Il est peut-être doux de croire à pareil état des choses, cet état fleuve, ce degré zéro du karma, où le fleuve est tout et la conscience un torticoli à pagaies. Reste que c’est une connerie. L’exigence de soi en tant que singularité est réprimée et va se loger dans des minuscules boîtes où elle prend la forme d’un savon qui fait plein de bulles de conscience ; et bientôt la conscience a tellement été lavée dans le fleuve qu’il n’en reste qu’un peu de matière qui se colle sur les bords.

Bref, il y a des choix bons et d’autres mauvais, tout le monde en convient, dans la mesure où un apprentissage découle d’une expérience, qui dans son processus est itérative, les adultes comme les enfants n’apprenant que dans la répétition, jusqu’au moment où l’intégration d’un ensemble signifiant est produit, où une noématique devient présente à sa propre noése et où réellement l’on peut parler d’une noéhylozoé, le fleuve et la vie étant exhaucés dans cette synthèse. Il ne s’agit plus seulement d’actes isolés, tous légitimables par des raisons et des causes (Spinoza, second genre de connaissance), mais bien d’un geste qui subsume toutes les légitimations dans une création de sens immédiate (Spinoza, troisième genre de connaissance).

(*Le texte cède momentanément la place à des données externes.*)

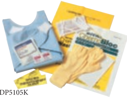
DP5105K ChemoBloc Prep/Admin Kit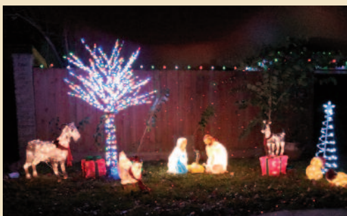
8818 Belle Glen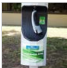
EVSE, Inc. Auto-Retract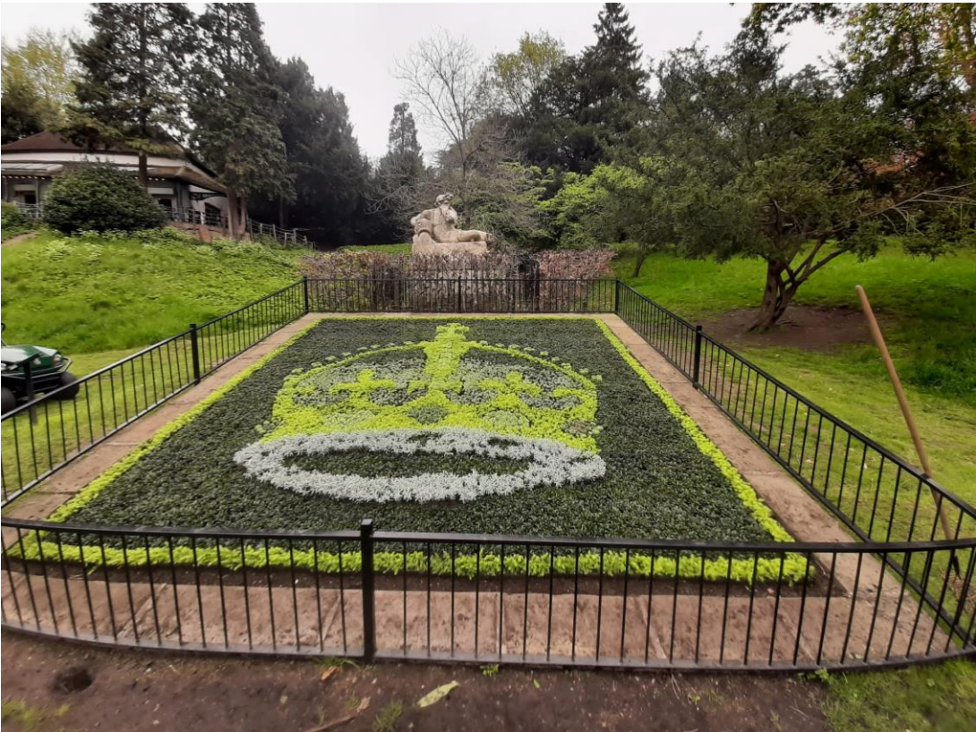
New fencing around Coronation Celebration carpet bed.

Cette absence de médiation, c’est celle qui paradoxalement se joue dans le simulacre, acte qui est accompli à rebours du droit, puisqu’il n’utilise la jurisprudence de la propriaction que pour rebondir de la cause vers l’effet, et que cette pure recherche d’effet creuse le droit et à travers cette désitération se constitue en puissance, c’est-à-dire en geste constitué, apte à naître un nombre infini de fois, dans la pensée et/ou dans les corps.

ET/OU

ou tout simplement une étoile à six branches, puisqu’il y a six possibilités de commutation, carrefour où chacun mûrit la décision de sa nécessité et de son hasard.